The Georgian forces who were protecting the pathways to Kamani were annihilated early in the morning after which the main assault on the village was undertaken at 10 a.m. Within a couple of hours the village fell to Abkhaz separatists and their allies. Soon after the Abkhaz and their allies started a violent rampage against the inhabitants of Kamani. Women, children, and the elderly were systematically tortured, raped and massacred during the two days of violence. The church and convent in Kamani became the scene of a blood bath. The female nuns were raped and later killed in front of the orthodox priest father Yuri Anua and father Andria (the overseer of the convent). After witnessing the massacres of nuns the Georgian priests were taken outside of the church and while kneeling were interrogated. 

“They questioned father Andria on the ownership of land in Abkhazia. He refused to answer. They questioned him repeatedly and finally he gave up and said: Abkhazia, like the rest of the world, belongs to God. They shot him soon after. Before doing so, they forced a young Abkhaz priest to kill him. He resisted and was killed near the Georgian priest. They left their corpses near the church and left".

After the July events of 1993, Kamani remains completely depopulated and all houses in the village are abandoned by the surviving inhabitants.
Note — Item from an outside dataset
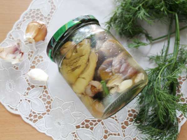 Прикройте грибы укропом и выложите остальной чеснок. Накройте кастрюлю подходящим блюдцем или тарелкой и поставьте груз. Выделившийся сок покроет грибы и постепенно превратится в рассол. Оставьте на сутки в комнатных условиях, а потом поставьте в холодильник, убрав груз и накрыв обычной крышкой.
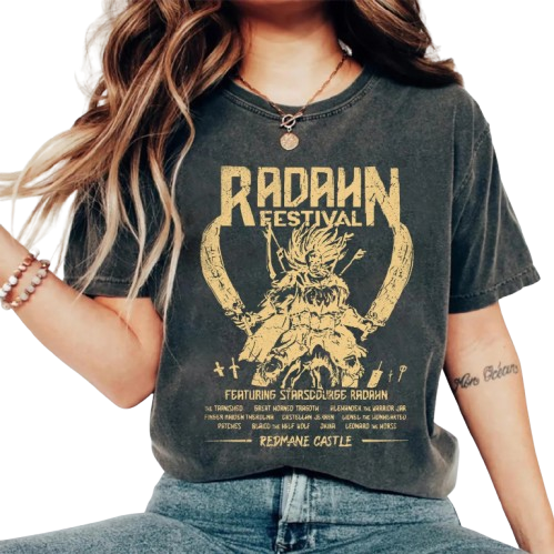 Le t-shirt Elden Ring “Radahn Festival” transforme l’un des moments les plus marquants du jeu en un design ultra stylé. Inspiré des t-shirts de tournée de groupes metal, il met en scène le Général Radahn – majestueux, terrifiant, prêt à faire tomber les étoiles. Avec sa fausse programmation et une référence au “Château du Lion Rouge”, ce t-shirt réussit à fusionner parfaitement l’univers fantasy et l’esprit festival.

After taking this strategic area, Abkhaz and their allies launched a large scale offensive on Sukhumi which by now was encircled by the separatist forces.

See also
Ethnic cleansing of Georgians in Abkhazia
Georgian-Abkhaz conflict
Sukhumi Massacre
United Nations resolutions on Abkhazia

References

External links
Video file capturing Kamani tragedy 
Video file, Father Anua before the massacre 

Massacres in 1993
Abkhaz–Georgian conflict
Russian war crimes in Georgia (country)
Massacres in Georgia (country)
Ethnic cleansing of Georgians in Abkhazia
1993 in Georgia (country)
1993 in Abkhazia
Mass murder in 1993
Anti-Georgian sentiment
July 1993 events in Asia
1993 murders in Georgia (country)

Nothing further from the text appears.